Did you know that cyclists in the Tour de France expend the energy equivalent of 5,300 lbs of coal, 371 gallons of gas, and 27,000 hours of solar power production?

The team at ExerciseBike.net calculated this by converting calories into kilowatt hours using data from the National Institute of Health. With the Tour de France in full swing, I wanted to make sure you had a chance to check out the full study.

When they explain energy from bikes, think about this:

There is a bike for gyms called The RE:GEN. For it is the most powerful exercise bike on the market. AND it’s good for the planet.  It also generates clean power from your workouts. Thereby helping you to reduce your carbon footprint. It also rewards you for the energy you create. So Ride, recharge your Ohm battery. Then re-use your stored energy to power your devices. A bike SO impressive, the resellers are already down to our last few units available within our next batch of deliveries.

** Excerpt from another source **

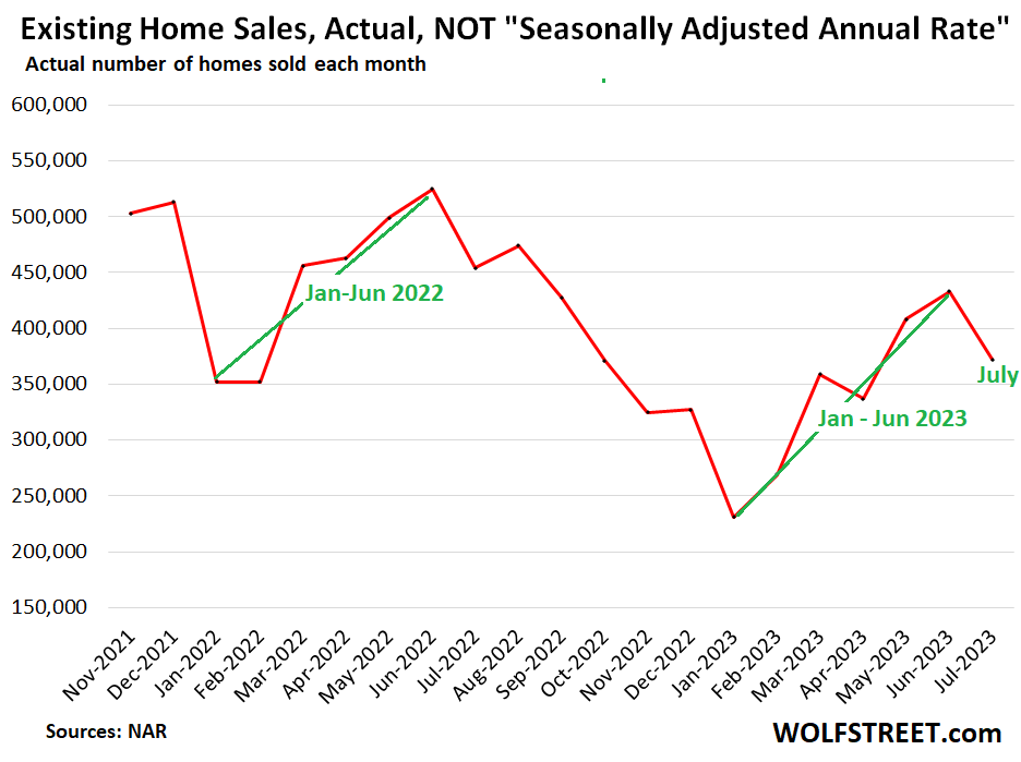 Actual sales in July – not seasonally adjusted annual rate – fell 18.1% year-over-year to 372,000 homes. The seasonal patterns are clear, the “spring selling season,” marked in green is over (data via NAR):

Why do I mention this: imagine if the bicyclists powered a gymnasium for a day? The energy costs saved. I know: it’s pretty immense.

As The Morning Call reports:

As scientists seek more ways to harness nature’s power to produce renewable energy, there’s one energy source burned naturally every day that isn’t being harnessed: calories.

SportsArt, a 42-year-old Taiwanese athletic-equipment maker, is trying to change that by selling exercise treadmills, ellipticals and cycles that turn workouts into electricity, feeding it back into the building through an electrical socket. The company recently showcased the third generation of its treadmill to attendees of the International Consumer Electronics Show in Las Vegas.

Did you know that cyclists in the Tour de France expend the energy equivalent of 5,300 lbs of coal, 371 gallons of gas, and 27,000 hours of solar power production?

According to the report:

A look at home electronics use wouldn’t be complete without considering people’s typical daily online activities. Energy from all of the Tour de France riders could power Twitter for about 9.5 hours. It could also fuel over 17 million Google searches. In addition, it could provide 1.2 billion minutes of Gmail use.

So for people who love the small screen, the energy expended by racers could power 48.5 years’ worth of YouTube videos. Also and 235 million minutes of Netflix. (Better start popping that popcorn.)